- Pitcher
- Born: September 28, 1998 (age 27) Abbotsford, British Columbia, Canada
- Batted: RightThrew: Right

MiLB debut
- May 5, 2021, for the Fort Wayne Tincaps

Last MiLB appearance
- June 11, 2025, for the El Paso Chihuahuas

MiLB statistics
- Win–loss record: 9-5
- Earned run average: 3.70
- Strikeouts: 180

= Carter Loewen =

Canadian baseball player (born 1998)

Carter Loewen (born September 28, 1998) is a Canadian former professional baseball pitcher.

==Career==
Loewen attended Yale Secondary School in Abbotsford, British Columbia. Loewen was drafted in the 40th round of the 2016 MLB draft by the Toronto Blue Jays but decided instead to play college baseball at the University of Hawaii.

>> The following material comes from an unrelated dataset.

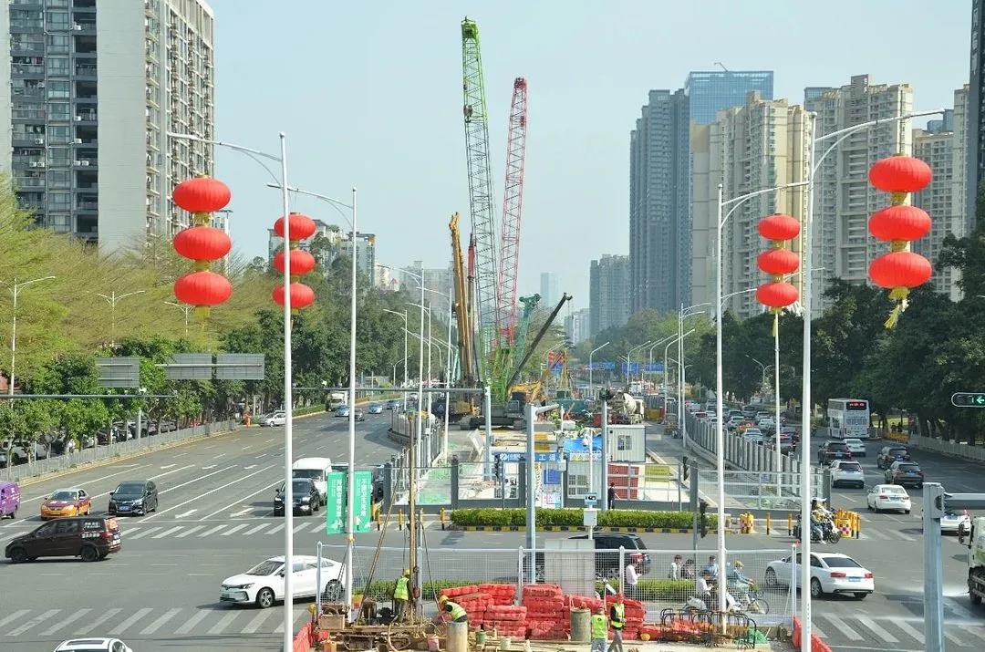 小編在車流如織的寶安大道上看到,僅有3車道,如此狹窄的施工作業(yè)面上,將建起一座粵港澳大灣區(qū)城際鐵路的三線換乘車站,無異于“螺螄殼里做道場”,難上加難。但是,項目的業(yè)主單位和參建者克服種種困難,在盡量不影響交通的情況下快馬加鞭搞建設。

Loewen signed as an undrafted free agent with the San Diego Padres on June 15, 2020. He did not play in a game in 2020 due to the cancellation of the minor league season because of the COVID-19 pandemic. Loewen underwent Tommy John surgery in July 2021, which resulted in him missing most of the 2022 season. Loewen made two appearances for the Triple-A El Paso Chihuahuas in 2025.

Loewen was named to the Canada national baseball team for the 2026 World Baseball Classic but did not pitch because he was unable to obtain insurance. He retired suddenly on March 16, 2026, and was replaced on the roster by Brock Dykxhoorn.